Monday, August 29, 2011

3rd Court of Appeals ignores own, prior ruling to approve Great Eldorado Polygamist Roundup

As foreshadowed in this Grits post, the Third Court of Appeals okayed the search warrant that spawned a series of bigamy, statutory rape and child molestation charges after the Great Eldorado Polygamist Roundup back in 2008. But remarkably, their opinion did so without addressing at all what this blog and many other legal observers considered the core issue in the case: A sweeping search warrant that allowed law enforcement to search multiple individual family households without any particularized suspicion.

The ruling strikes me as extraordinary because the same Third Court already ruled that Judge Barbara Walther abused her discretion on the civil side by authorizing a search of the entire community instead of specific, particularly identified residences. The entire ranch could not be considered a single household, the Third Court found, just like an apartment complex with a single property owner doesn't eliminate Fourth Amendment rights of individual apartment dwellers. Footnote 10 to the court's mandamus order specifically declared that:
The notion that the entire ranch community constitutes a "household" as contemplated by section 262.201 [of the family code] and justifies removing all children from the ranch community if there even is one incident of suspected child sexual abuse is contrary to the evidence. The Department's witnesses acknowledged that the ranch community was divided into separate family groups and separate households. While there was evidence that the living arrangements are more communal than most typical neighborhoods, the evidence was not legally or factually sufficient to support a theory that the entire ranch community is a "household."
That's why Grits had written back in May, "It's difficult for me to imagine how the court could decide the search warrant is valid without contradicting its own ruling on the civil side, particularly regarding the 'particularity' requirement in the Fourth Amendment. In a mandamus order (pdf) requiring CPS to return YFZ children to their parents, the Third Court ruled (and the Texas Supreme Court later agreed) that the entire ranch couldn't be considered a single 'household.'"

So how did the Third Court get around this seeming contradiction? The answer to me is downright bizarre: They simply ignored the argument. It was just not addressed. To call it an elephant in the room doesn't do it justice. The opinion declares that, "Although the State does not question appellant's showing of standing to contest the validity of the searches conducted pursuant to the April 3 and 6 warrants, the State contends that appellant failed to establish his standing to challenge the interviews conducted by the DFPS caseworkers acting pursuant to the order in aid of investigation." And with that little trick, they banished the sweeping nature of the YFZ Ranch warrants completely under the rug.

IANAL, but I see one big problem with that: The DFPS caseworkers weren't there in a vacuum. They came in droves as soon as the cops executed the warrant as part of a single, grand police action coordinated across multiple agencies, including DFPS. To claim they were there independently of the police search-and-seizure of the property is akin to the naked emperor's courtiers loudly admiring his wardrobe. DFPS is the fig leaf with which the court attempts to screen from view the state's small and shriveled excuse for ignoring the particularity requirement in the Fourth Amendment, but a fig leaf is all it is, and one fluttering in the breeze, at that.

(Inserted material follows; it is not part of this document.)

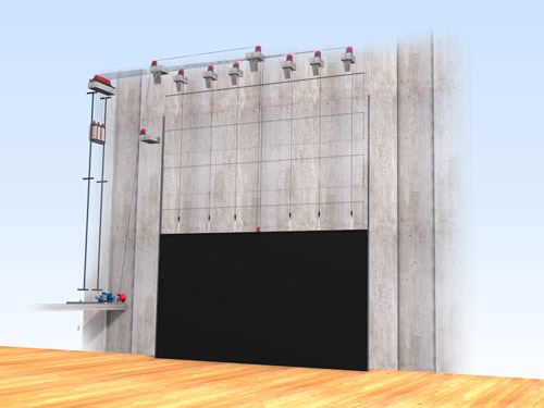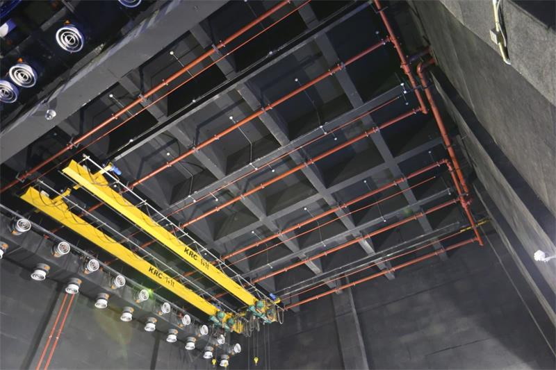 側(cè)臺(tái)裝景行車(chē)位于左右兩側(cè)側(cè)舞臺(tái)上空。行車(chē)用于大型或重型布景部件的裝配。
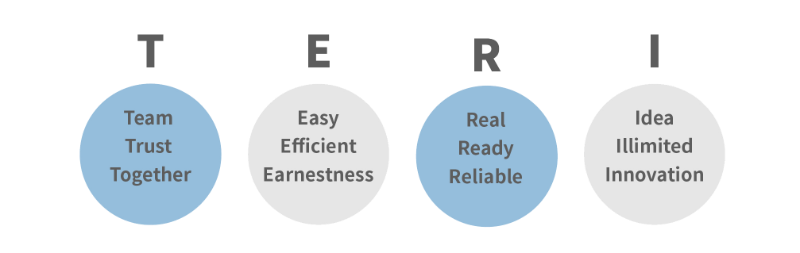 對應了Teri的核心理念:trust (信任)、earnestness (誠摯)、 real (真實)

Even if we accept this unlikely, concocted legal fiction, as hard as it may be to swallow, the opinion simply does not ever address head on the same court's earlier finding that "the evidence was not legally or factually sufficient to support a theory that the entire ranch community is a 'household.'" The 3rd Court of Appeals didn't change its mind, then, so much as ignore their previous ruling in a bow to political expediency. For that reason, Grits considers this not just a bad but a shameful opinion (authored, for the record, by Chief Justice Woodfin Jones and signed by Justices Henson (no relation) and Goodwin.

Regular readers will recall that at oral arguments the state claimed they needed just one warrant to search every home and building on the 1,600+ acre ranch because there was a single corporate property owner and only one name on the utility bill. The logical extension of that line of reasoning would be that a particularized search warrant is unnecessary for people living in all-bills-paid apartments, for example, and that an alleged crime by one apartment-dweller would give police the right to enter and search every apartment in the complex. Clearly that would be absurd, but that's precisely what the Third Court has allowed here. This sets an unbelievably terrible precedent, demonstrating once again how unusual circumstances so often make for bad law.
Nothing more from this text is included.